Hand back every line from the beginning of the data below through the line containing "Subsequently, a two", word for word and free of pictures.

═══ Data under study ═══

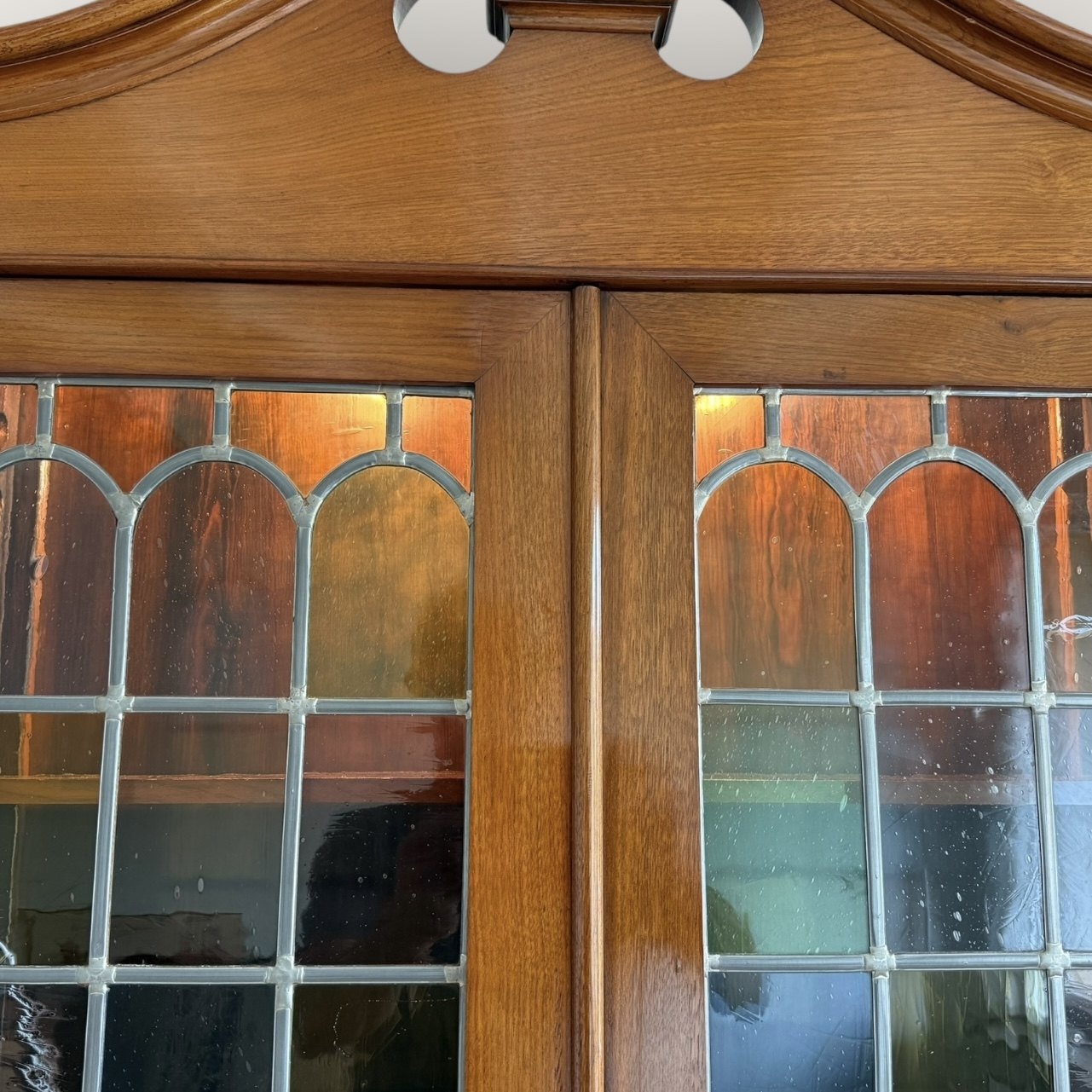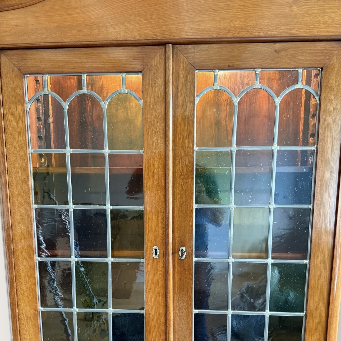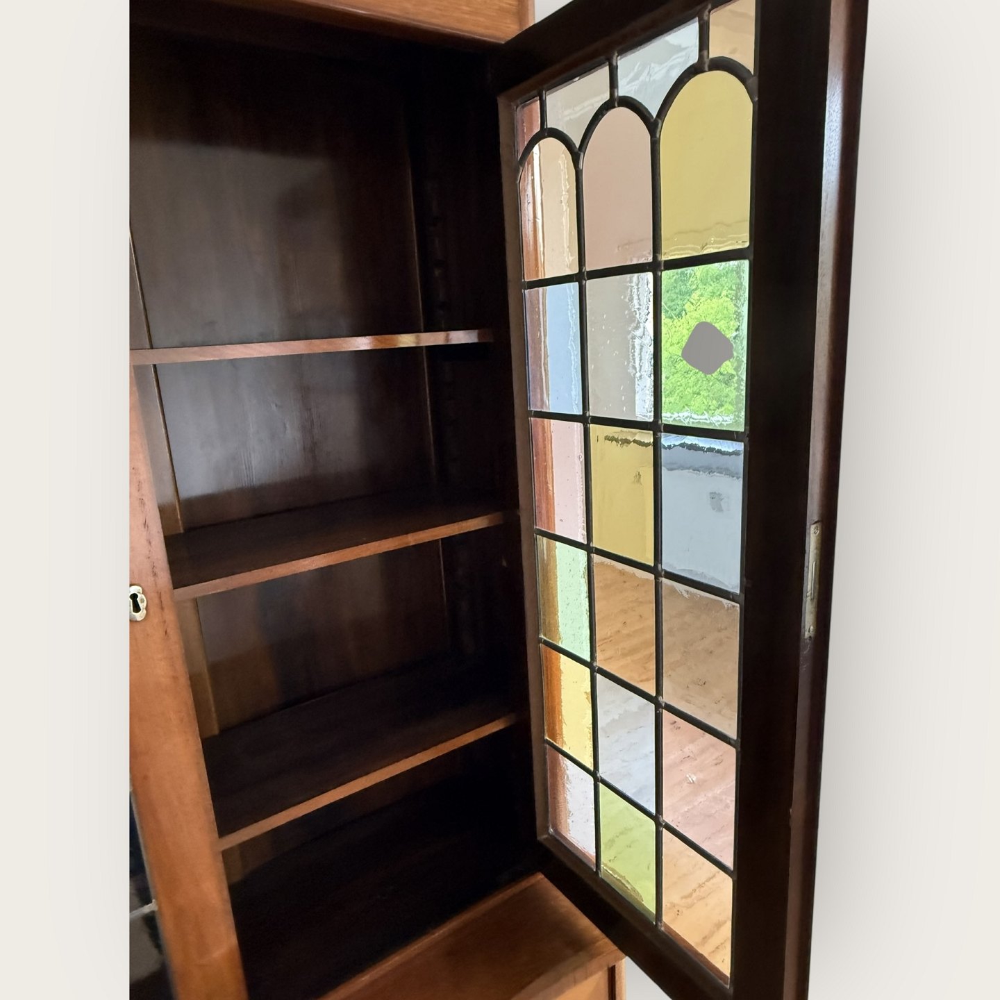 Dækketøjs skab i mahognifiner, overdel med farvede blyindfattede glas samt lys, Fremstår i fin brugt stand, Mål: HxBxD 198x90x39cm
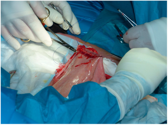 Subsequently, a two layer handsewn side-to-side anastomosis without resection was performed to complete the bypass. The assistant surgeon placed tension on the stay sutures on the same side to align the two intestinal tracts. The first layer of the far side of the anastomosis obtained was with a continuous Lembert suture of USP 2-0 polydioxanone (PDS), joining the antimesenteric side of the ileum and the caecal wall. Once the suture was completed, a 10–12 cm serosubmucosal incision was performed approximately 5 mm on both sides of the suture.
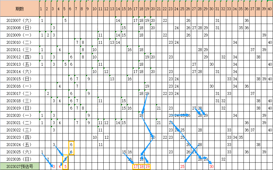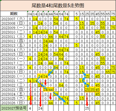尾数5没有明显走势,有一个特色走势在2023期,25,35,45
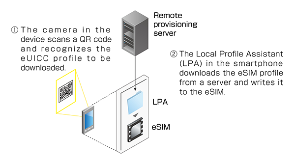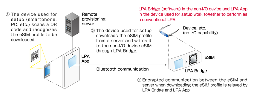 LPA stands for Local Profile Assistant, the functionality for downloading and writing the eSIM profile to an eSIM, as standardized by GSMA for the consumer model. The essence of LPA Bridge is to enable use of this consumer model methodology with non-I/O devices. The technology consists of two parts, LPA App with the interactive functionality for operations such as entering an activation code, and LPA Bridge with the functionality for relaying communications between the eSIM on non-I/O device and remote provisioning server. LPA Bridge is set up on the IoT, wearable, or other non-I/O device, while LPA App is installed in a user device (smartphone, PC, etc.) for setting up the non-I/O device.
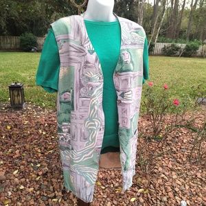 Vintage 100% silk long vest by August Silk. Soft colors. Very interesting piece!
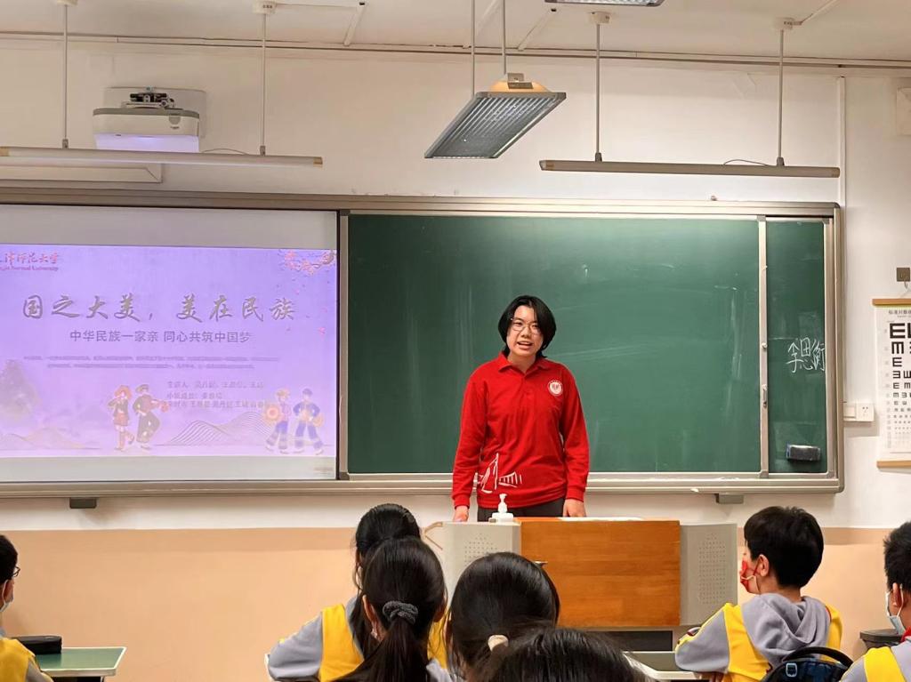此次课程让志愿者和小学生都受益匪浅,既帮助小学生们开阔了眼界,在生动有趣的学习体验中铸牢了中华民族共同体意识,又共同增强了民族自豪感,提升了爱国主义情怀。毕业于和平中心小学的志愿者王若男谈到:“6年前我以一名学生的身份从这里走出去,6年后我以一名“小老师”的身份再次走进来,站上讲台的那一刻,成为一名人民教师的信念变的更加坚定了。”志愿者姜雅晴说:“我的妈妈是一名人民教师,一直以来她是我学习的榜样,今天我能像她一样站在讲台上为同学们传播民族文化知识,我感到非常的骄傲和自豪。”
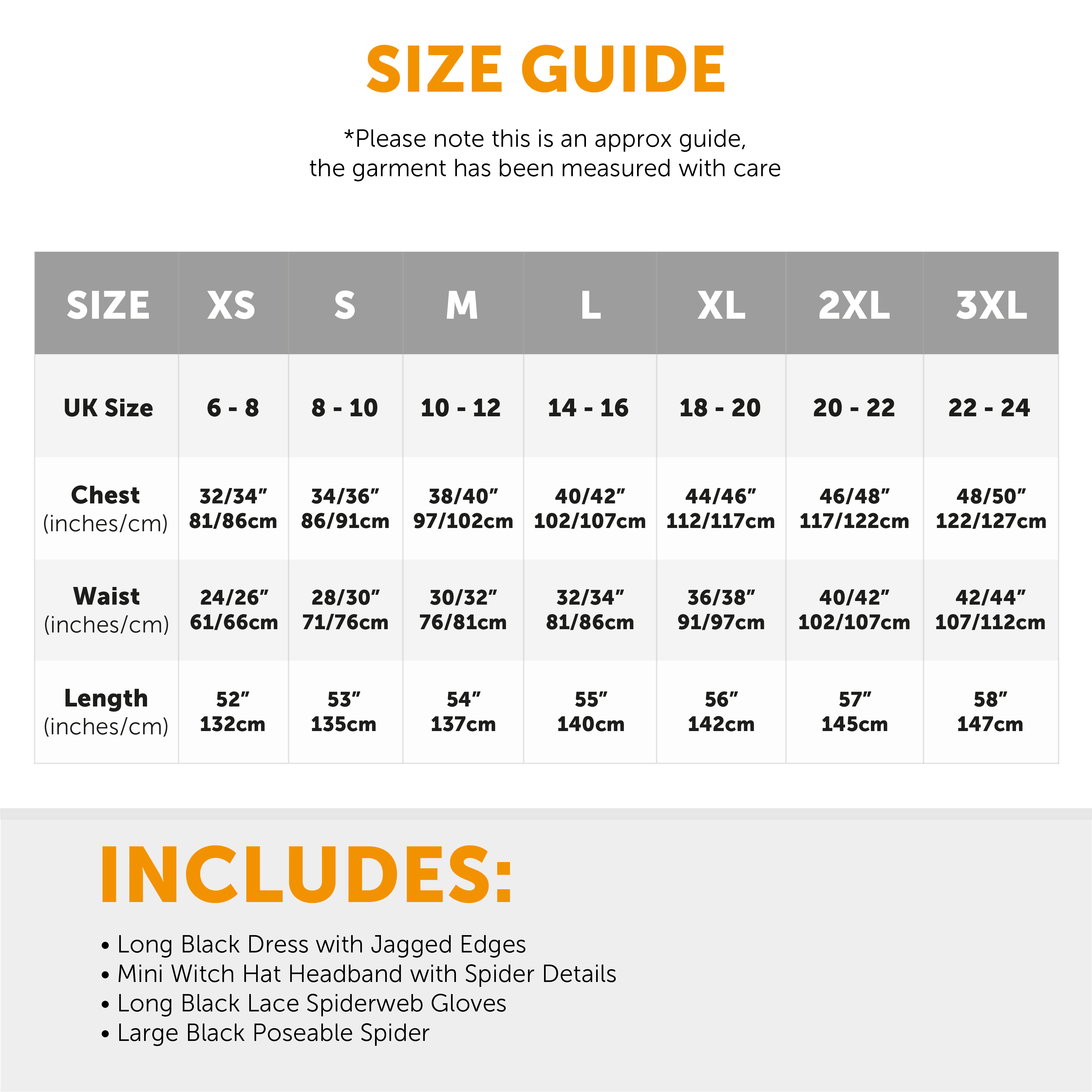 AVAILABLE IN MULTIPLE SIZES: This Ladies Spider Witch Dress is available in multiple sizes from X-Small to XXX-Large: X-Small (UK 6-8) - Chest: 32/34" (81/86cm), Waist: 24/26" (61/66cm), Length: 52" (132cm) | Small (UK 8-10) - Chest: 34/36" (86/91cm), Waist: 28/30" (71/76cm), Length: 53" (135cm) | Medium (UK 10-12) - Chest: 38/40" (97/102cm), Waist: 30/32" (76/81cm), Length: 54" (137cm) | Large (UK 14-16) - Chest: 40/42" (102/107cm), Waist: 32/34" (81/86cm), Length: 55" (140cm) | X-Large (UK 18-20) - Chest: 44/46" (112/117cm), Waist: 36/38" (91/97cm), Length: 56" (142cm) | XX-Large (UK 20-22) - Chest: 46/48" (117/122cm), Waist: 40/42" (102/107cm), Length: 57" (145cm) | XXX-Large (UK 22-24) - Chest: 48/50" (122/127cm), Waist: 42/44" (107/112cm), Length: 58" (147cm)
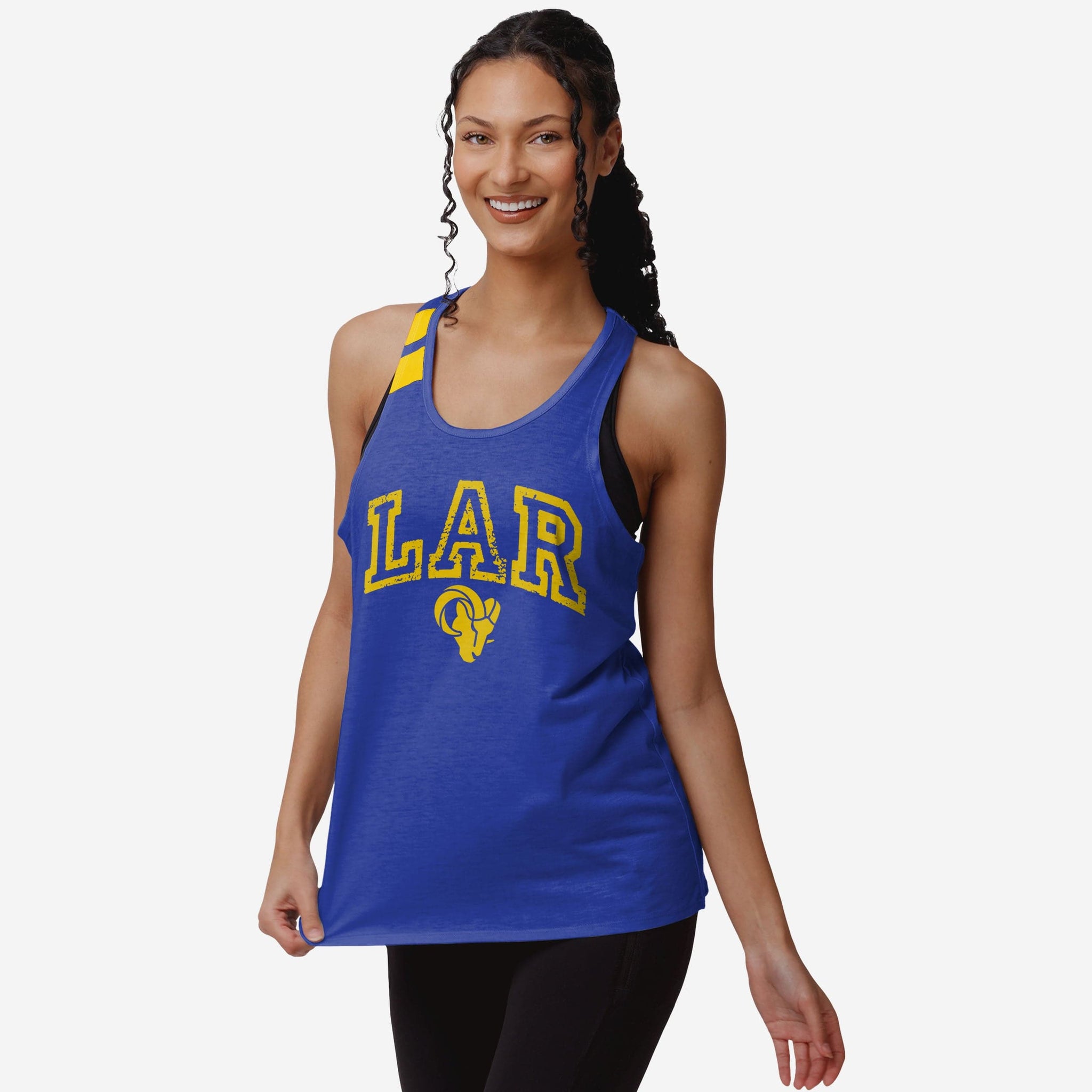 Get ready to flex your fan muscles, with a twist. Literally. This Los Angeles Rams Women's Team Twist Sleeveless Top shows off your team spirit and will have you looking good at the beach, in the gym, or wherever else you feel like showing everyone what a true fan looks like.

═══

* [Problem solution]:
 Dækketøjs skab i mahognifiner, overdel med farvede blyindfattede glas samt lys, Fremstår i fin brugt stand, Mål: HxBxD 198x90x39cm
 Subsequently, a two layer handsewn side-to-side anastomosis without resection was performed to complete the bypass. The assistant surgeon placed tension on the stay sutures on the same side to align the two intestinal tracts. The first layer of the far side of the anastomosis obtained was with a continuous Lembert suture of USP 2-0 polydioxanone (PDS), joining the antimesenteric side of the ileum and the caecal wall. Once the suture was completed, a 10–12 cm serosubmucosal incision was performed approximately 5 mm on both sides of the suture.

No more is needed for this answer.